Grendel and Me 09/06



I was talking to Grendel the other day. I was doing most of the talking since he was miffed at me for giving him a bath due to his pursuit of a hapless chipmunk through a poison ivy patch.

“How dare you bathe a cat!?” he glared. “We are the cleanest creatures on earth.”

“When I see you go through the poison ivy, I’ve got to bathe you, because if I don’t, I’ll get the oil from your affected fur and break out in a rash,” I offered. The purity of my logic and self righteousness rivaled that of a born again.

“Besides, if you got some of the oil on you tongue from washing you might get a rash on your tongue.” This delivered sweetly like a heavenly benediction.

“Sounds like you needed the bath, not me.”

In fact bathing a cat is like trying to get control of a handleless full speed chain saw while tumbling in a clothes dryer, and it will draw just as much blood.

“A cat’s gotta do what a cat’s gotta do,” he purred.

You can train a cat until he plays Mozart on the piano, but show him a mouse and he reverts back to the predator in an instant. That reminded me of another predator I witnessed recently, a sparrow.

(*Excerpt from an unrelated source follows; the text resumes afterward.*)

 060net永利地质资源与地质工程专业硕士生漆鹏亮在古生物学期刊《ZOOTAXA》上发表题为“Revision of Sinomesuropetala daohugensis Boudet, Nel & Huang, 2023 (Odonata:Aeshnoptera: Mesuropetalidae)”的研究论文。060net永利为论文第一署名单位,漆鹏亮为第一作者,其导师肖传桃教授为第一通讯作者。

What!? A sparrow? Tweety bird?

Yep.

I saw a life and death Ariel combat recently that rivaled anything Spielberg staged in Star Wars. It lasted about thirty seconds and it involved a sparrow and a Luna moth.

This is a Luna moth.

Note the standard bricks for size reference. The moth’s tail is resting on the wide side of the brick. Put another way the palm of a man’s hand could not cover this moth.

The sparrow definitely had this shape stored in his little brain as a food item. Perhaps his depth perception was a little off, but none the less, barely bigger than the moth, he decided this was a tasty morsel and would bring it back to his nest in the first “o” of a large sign over the “Laundry Room.”

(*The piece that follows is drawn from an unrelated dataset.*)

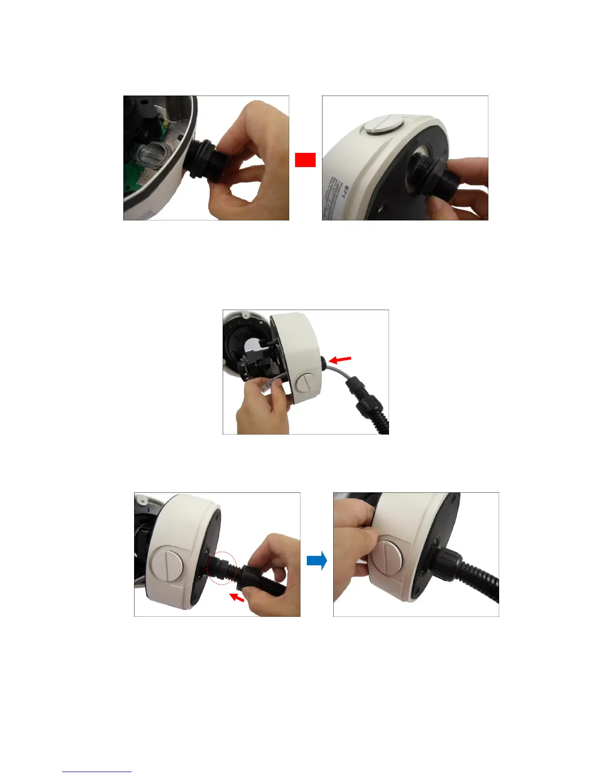 6. Screw the conduit gland body to the conduit hole of the camera.

As he hopped about the moth looking for a grip upon which he could fasten his little beak, the moth woke up and began suspecting the sparrow was up to no good. Sparrow fetched up a mouthful of moth just about the time the moth decided he had enough and began to fly away with the sparrow in tow. Moth had definite designs on a westerly course, while Tweety’s “O” was east.

Moth is not equipped to render blows or bites of combat, so his only course was flight. Sparrow’s beak was too tiny to embrace this meal and clasp it to his will. Moths have a goofy navigational system anyway, but sparrow stayed with him repeatedly attempting to find some part of the moth he could hold fast to.

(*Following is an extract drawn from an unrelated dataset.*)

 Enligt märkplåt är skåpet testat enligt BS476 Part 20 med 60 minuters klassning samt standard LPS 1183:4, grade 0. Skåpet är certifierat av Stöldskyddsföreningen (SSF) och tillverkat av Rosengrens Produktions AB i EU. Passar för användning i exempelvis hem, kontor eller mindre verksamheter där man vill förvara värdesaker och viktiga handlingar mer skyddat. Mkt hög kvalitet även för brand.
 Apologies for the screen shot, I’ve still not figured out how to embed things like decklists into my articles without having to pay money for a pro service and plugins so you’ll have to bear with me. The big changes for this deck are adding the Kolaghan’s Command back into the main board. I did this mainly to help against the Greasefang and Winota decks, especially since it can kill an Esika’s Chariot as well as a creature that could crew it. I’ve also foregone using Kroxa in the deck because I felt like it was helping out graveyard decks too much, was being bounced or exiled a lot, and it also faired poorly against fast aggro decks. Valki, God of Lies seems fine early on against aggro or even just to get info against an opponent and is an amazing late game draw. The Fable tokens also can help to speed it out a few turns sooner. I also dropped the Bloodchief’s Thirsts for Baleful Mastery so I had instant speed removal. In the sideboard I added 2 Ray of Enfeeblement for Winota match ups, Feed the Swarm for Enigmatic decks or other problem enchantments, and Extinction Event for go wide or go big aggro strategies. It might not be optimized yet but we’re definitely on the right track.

They finally tumbled to the ground where the combat continued, first Tweety on top then the moth, then roling along one atop th’other where you couldn’t tell what was happening.

Breaking free from the ground combat, moth ascended again with sparrow hot on his tail, but fatigue set in and sparrow fluttered back to a neutral branch thus ending this life or death struggle. Moth wobbled west and disappeared his the prize triumph being his life.

While I admire the ambition of Tweety, he was at no time at risk. Courage without consequence rings a bit hollow to me, but this point is moot, because neither was making choices, just playing programs hardwired into their brains.

We divers make choices. Properly trained, our choices are tempered with the wisdom of insight and a long trail of exemplary and deadly failures.

We are aliens underwater; we just don’t belong there. Knowing this is part of the thrill of being there. Our brains are not hard wired to survive underwater except to tell us to get the hell out.

Thus we are forced into making choices that have extraordinary consequences. We have been taught to make the right choices, but…

Have you evah…

Ø Returned with 300 or less lbs of air?

Ø Left your dive buddy behind?

Ø Penetrated a wreck without proper equipment?

Ø Gone too deep?

Ø Ignored you air supply until you had to cut decomp time?

There are many more and better examples, but the point is we are making decisions in a hostile environment where mistakes can have dire consequences. Don’t let experience make you think you are immortal and can do no wrong; death is the body’s way of telling us we really screwed up.